— Как же так — просто послать?
— Ну да, в Париж, редактору. Уж имя-то Галатова вы, небось, знаете?
Илья Борисович виновато пожал толстым плечом. Евфратский, морщась, объяснил: беллетрист, новые формы, мастерство, сложная конструкция, русский Джойс...
— Джойс, — смиренно повторил Илья Борисович.
— Сперва дайте перестукать, — сказал Евфратский. — И, пожалуйста, ознакомьтесь с журналом.
Он ознакомился. В магазине ему дали пухлую розовую книгу, он ее купил, вслух заметив:
— Молодое начинание. Нужно, знаете, поощрять.
— Прекратилось молодое начинание, — сказал хозяин магазина. — Один номер всего и вышел.
— Вы не в курсе, — с улыбкой возразил Илья Борисович. — Я знаю достоверно, что следующий выйдет осенью.
Вернувшись домой, он бережно разрезал книжку. В ней он нашел малопонятную вещь Галатова, два-три рассказа смутно-знакомых авторов, какие-то туманные стихи и весьма дельную статью о немецкой индустрии, подписанную “Тигрин”. “Никогда не возьмут, — с тоской подумал Илья Борисович. — Тут своя компания”.
Все же он вызвал по объявлению в газете некую госпожу Любанскую (стенография и машинка) и стал с чувством ей диктовать, волнуясь, повышая голос, и все смотрел, какое впечатление производит на нее роман. Она порхала карандашом по блокноту — маленькая, черненькая, с экземой на лбу, а Илья Борисович ходил кругами по кабинету, суживая круги, когда приближалось эффектное место. К концу первой главы в комнате стоял крик.
— И вся прежняя жизнь показалась ему страшной ошибкой, — возопил Илья Борисович — и уже обыкновенным конторским голосом сказал: — Все это к завтрашнему дню перепишите, четыре копии, оставьте поля пошире, завтра приходите, как сегодня.
Ночью он придумывал, что напишет Галатову, когда будет посылать роман: “...на строгий суд... сотрудничал там-то и там-то...” А наутро (такова прелестная предупредительность судьбы) Илья Борисович получил письмо: “Глубокоуважаемый Борис Григорьевич! Я узнал от нашего общего знакомого о новом вашем произведении. Редакции “Ариона” было бы интересно прочитать его, так как хотелось бы поместить в очередной книжке что-нибудь “свежее”.

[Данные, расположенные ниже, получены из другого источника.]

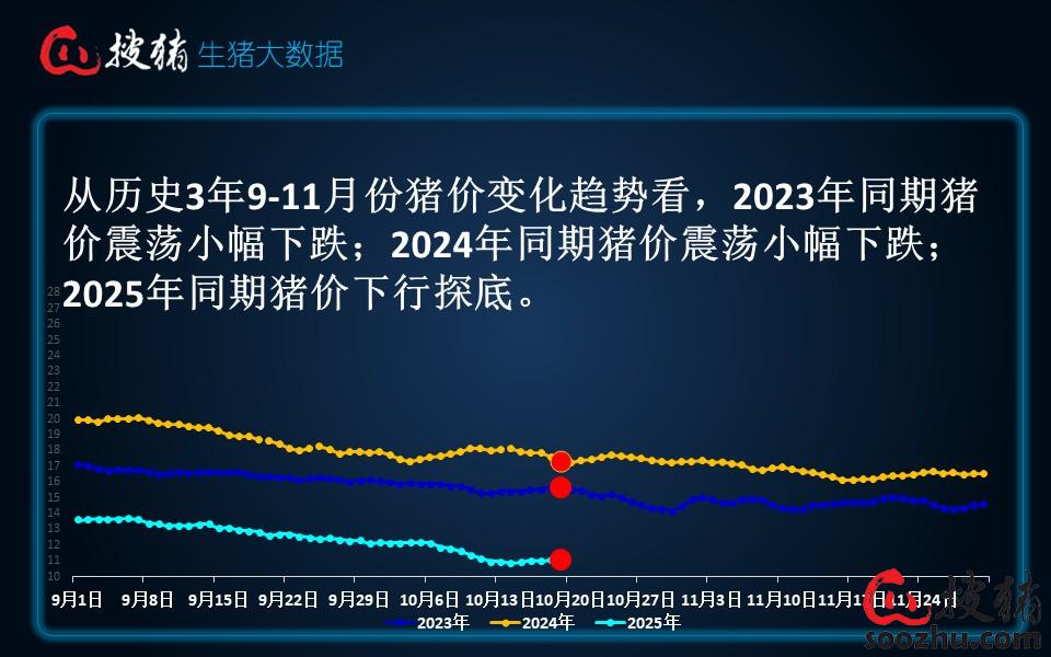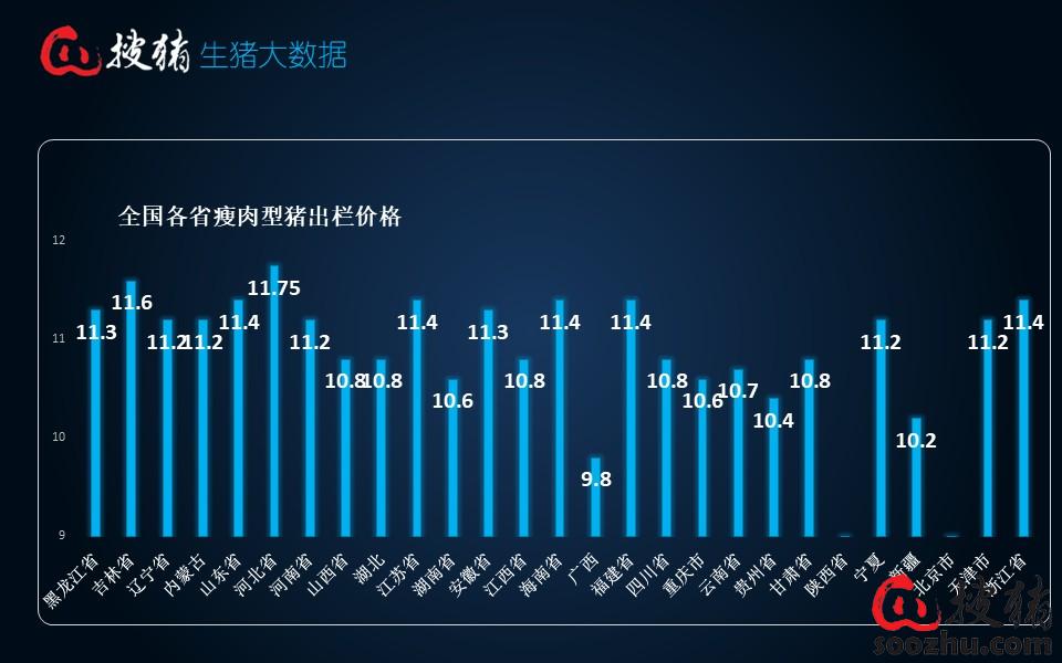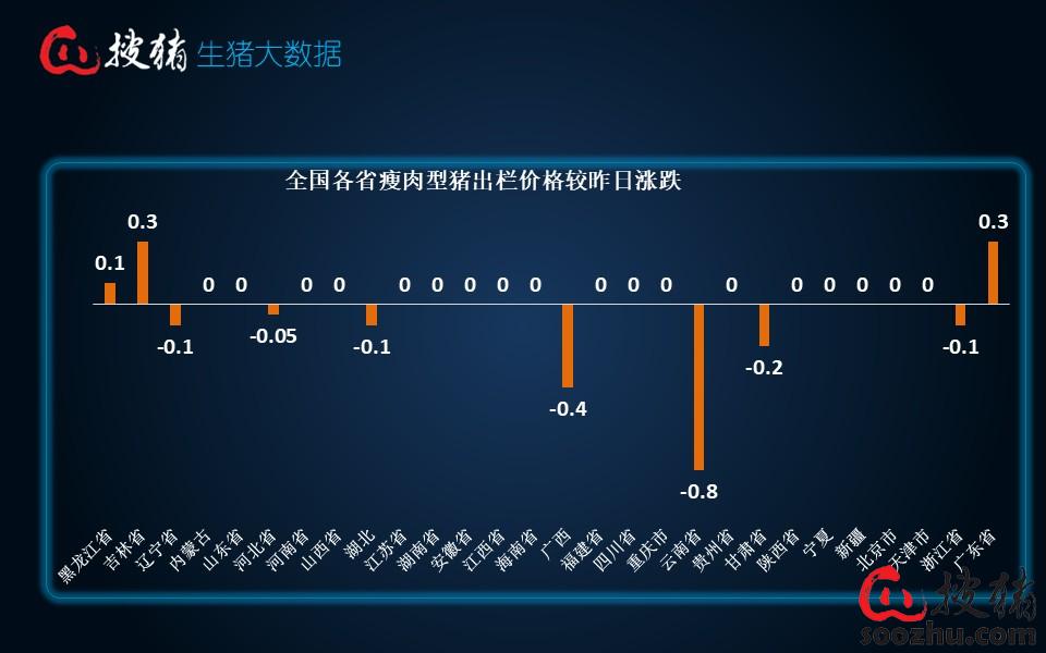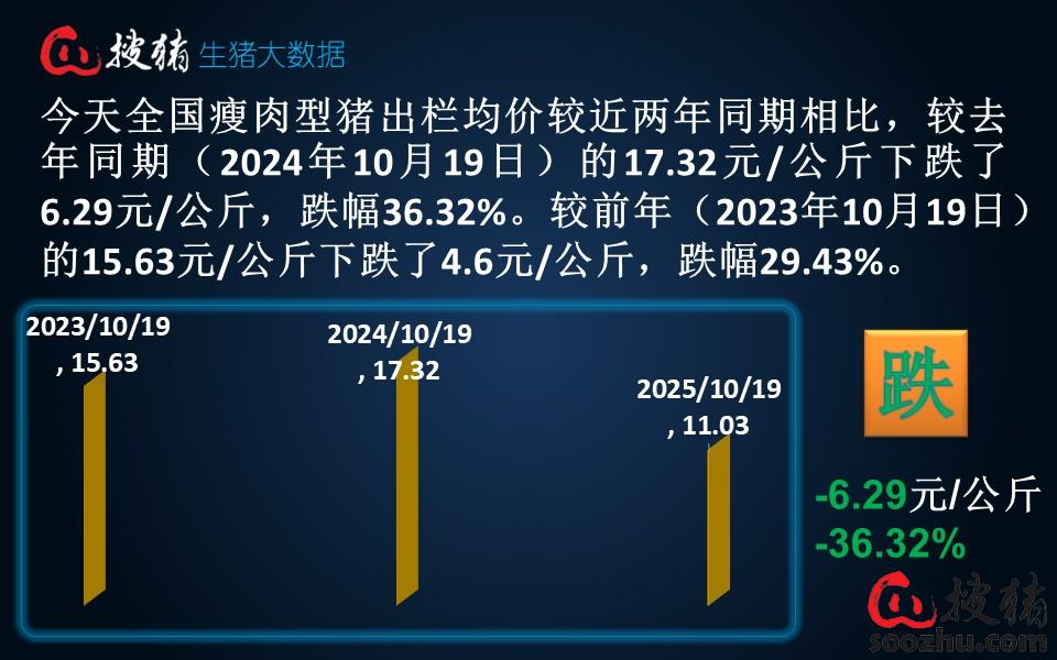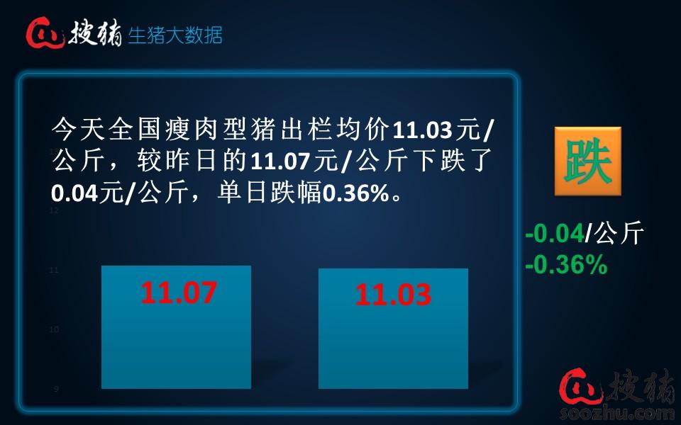 今日全国瘦肉型猪出栏均价11.03元/公斤,较昨日的11.07元/公斤下跌了0.04元/公斤,单日跌幅0.36%;较去年同期的17.32元/公斤下跌了6.29元/公斤,同比跌幅36.32%。

P. S. Как странно: я недавно вспоминал Ваши изящные миниатюры в “Южном вестнике”...
“Просит. Помнит...” — растерянно произнес Илья Борисович. Затем он позвонил Евфратскому и, как-то боком отвалясь в кресле, облокотясь о стол рукой, в которой держал трубку, а другой делая широкий жест, и весь сияя, затянул:
— Ну-у, голубчик, ну-у, голубчик, — и вдруг увидел, что блестящие предметы на столе дрожат, двоятся, плывут мокрым миражем. Он перемигнул, и все стало по своим местам, и усталый голос Евфратского томно отвечал:
— Что вы... между коллегами... обыкновенная услуга...

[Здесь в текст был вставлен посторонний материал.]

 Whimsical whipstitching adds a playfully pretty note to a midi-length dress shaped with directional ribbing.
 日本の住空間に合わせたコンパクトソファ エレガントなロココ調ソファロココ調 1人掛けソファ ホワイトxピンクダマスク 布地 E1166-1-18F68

Поднимались все выше пять ровных пачек. Долинин, еще ни разу не обладавший Ириной, случайно узнал, что она увлечена другим, молодым художником... Иногда Илья Борисович диктовал в конторском кабинете, и тогда немки-машинистки, слыша отдаленный крик, дивились, кого это так распекает добродушный их шеф. Долинин с ней поговорил по душам, она ему сказала, что никогда не покинет его, потому что слишком ценит его прекрасную одинокую душу, но, увы, телом принадлежит другому, и Долинин молча поклонился. Наконец, настал день, когда он сделал завещание в ее пользу, настал день, когда он застрелился (из маузера), настал день, когда Илья Борисович, блаженно улыбаясь, спросил Любанскую, принесшую последнюю порцию переписанных страниц, сколько он ей должен, и попытался ей переплатить.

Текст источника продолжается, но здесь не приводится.